Mean & Silly RPGs

   This is serious business. Goofiness has been systematically expunged from role-playing games. No more little comic strips like the ones we had in the ’78 Players Handbook. No more preposterous adventures like White Plume Mountain or the 1988 Castle Greyhawk. No more ludicrous monsters or magical items. But the very first dragon was named Gertie – let’s not forget that. And the first Orc King was named Funk III. Dragons nowadays are called Murozond or Shimmergloom, and Orc Kings are called Krôthzmûsht-Vgorth or something. It has to be manly. It has to be badass. Just look at the elaborate artwork – Half-orc “smashers” and Elven “wardancers” and Space Marines with unwavering resting bitch faces. God forbid we’d ever pass for anything less than real men.

    I’ve never even held a 5E Dungeons & Dragons product in my hands, but lots of folks talked to me about it, and one thing I still remember is this. Someone told me that for any first-level character, a single skeleton or a single kobold means Instant Death. Well, it’s one of two things: either that guy told me a big fat lie, or 5E is really terrible, because kobolds and skeletons are expected to be weak. They’ve been puny since ’77 and before. They are “timeless classic” weak monsters.
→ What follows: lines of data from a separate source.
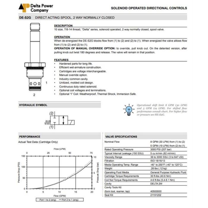 DE-S2G-VM DELTA POWER, 2W2P NORMALLY CLOSED SPOOL, DELTA SERIES 10 SIZE, 7/8-14 THREAD, W/ VITON SEALS, OVERRIDE & DETENT, DE S2G VM, DES2GVM
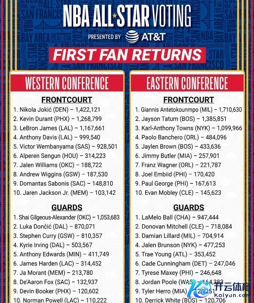 约基奇呢,这位来自西部的巨星,如同巍峨的峻岭,以1,422,121票领跑西部前场。
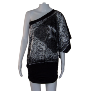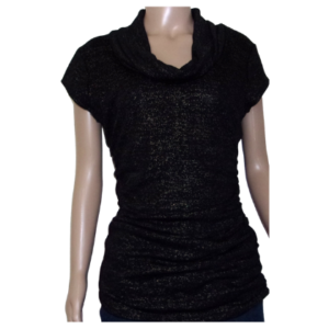 Gold and Black Side-Ruched Turtleneck Top Size M
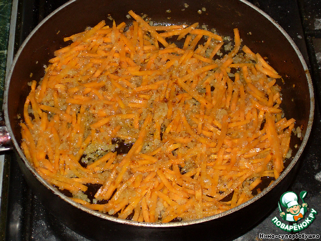 затем добавить морковь и обжаривать на среднем огне минут 5.
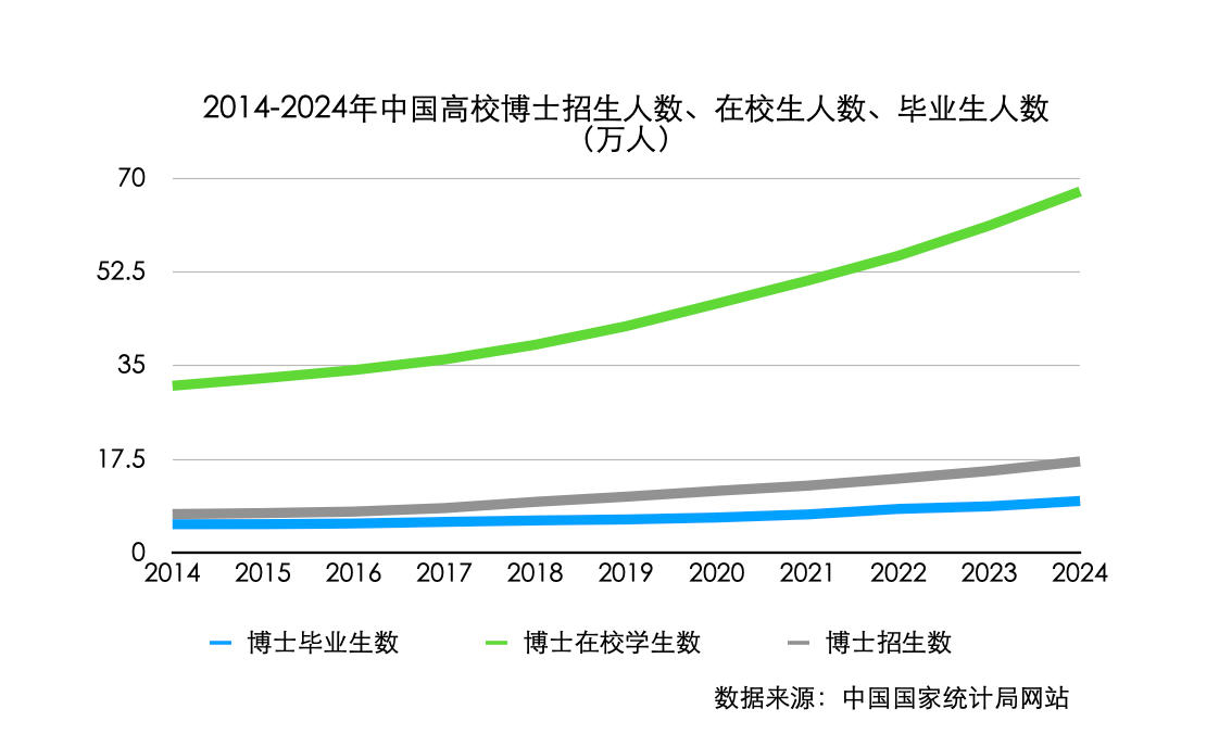 2014-2024年中国高校博士招生人数、在校生人数、毕业生人数(万人)趋势图。(图表制作:界面新闻/蔡星卓)
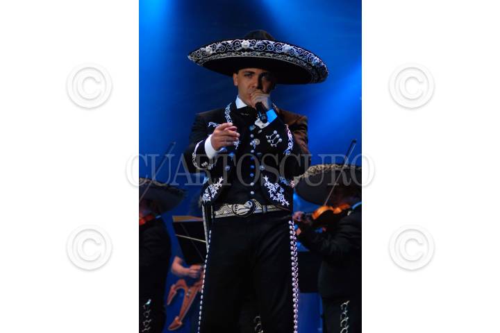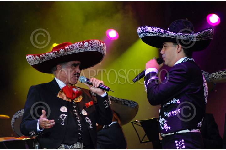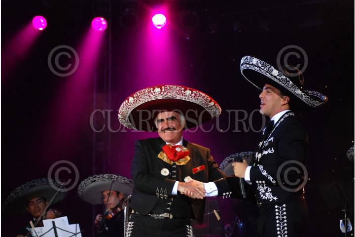 GUADALAJARA, JALISCO, 06SEPTIEMBRE2007.- Vicente Fernández y Cristian Castro, durante la presentación del nuevo disco de corte ranchero del hijo de Veronica Castro titulado "El Indomable", el espectaculo se realizó en el rancho "Los Tres Potrillos" FOTO: CLAUDIA ARECHIGA/CUARTOSCURO.COM
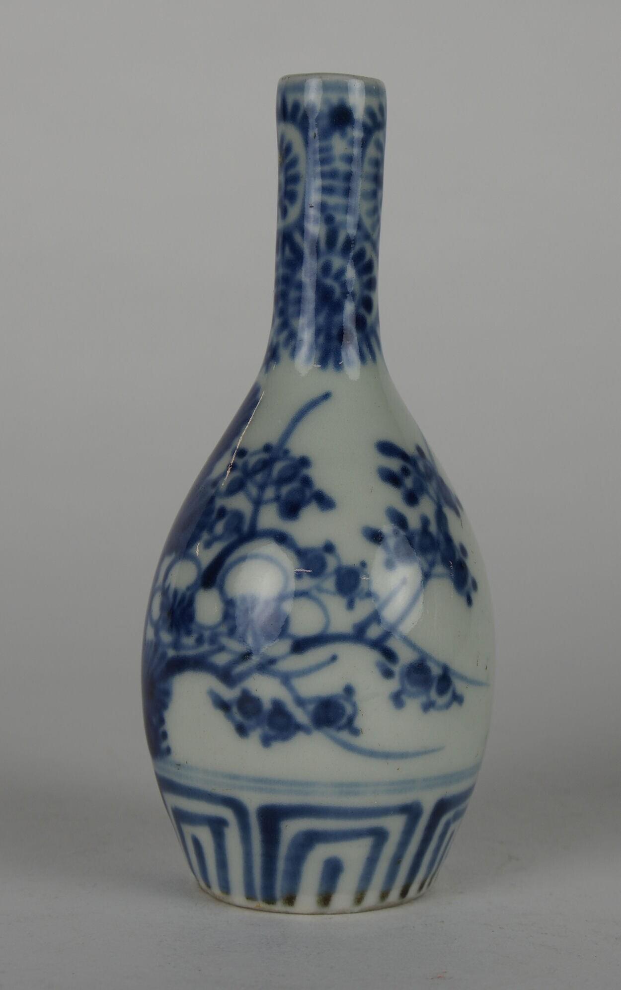 De vaasjes zijn druppelvormig en hebben een verzonken bodem. De voet heeft, onder een dubbele cirkel, een decor van vierkante, gestileerde bloembladeren. De buik heeft een decor van pijnboom, prunus en bamboe, de zogenoemde 'drie vrienden van de winter'. De hals heeft een decor van spiralend rankwerk. (Nederlands)

You start messing with that for the sake of expunging every last ounce of silliness from the game, and lo and behold – you’ve ruined that game.

   That is one of the reasons why I stick to 1E. It’s not like Windows XP: you don’t have to switch, you’re always gonna be able to play; and me, I do not want a different game, I want to keep enjoying the game I fell in love with thirty-three years ago. Adkison, Tweet, Heinsoo and Perkins all offered a different D&D, and why wouldn’t they? TSR evolved from a miniature wargaming company while Wizards of the Coast evolved from a collectible card game company: it cannot be the same approach or philosophy. It just can’t.

   Silliness now is a flaw – unless you have the confidence or star power to sustain it unflinchingly. Leeroy Jenkins is silly, sure, but Ben Schulz have nothing to worry about: he is now a star of the online gaming world. But if your friend Bruno’s PC suddenly becomes “silly-ed”, he’s gonna be mortified. Silly is no good. Epic / ruthless is the way to go. Don’t ask me. That’s not at all how it was in the beginning.

Silly Beholder / Badass Unfuckwithable Beholder

   In this blog right here, THE most popular post is a 100% silly little thing called “Behold!”, written a year and a half ago. I still don’t understand why so many people linked to it – but it is proof, right? Proof that there is a demand for RPG silliness.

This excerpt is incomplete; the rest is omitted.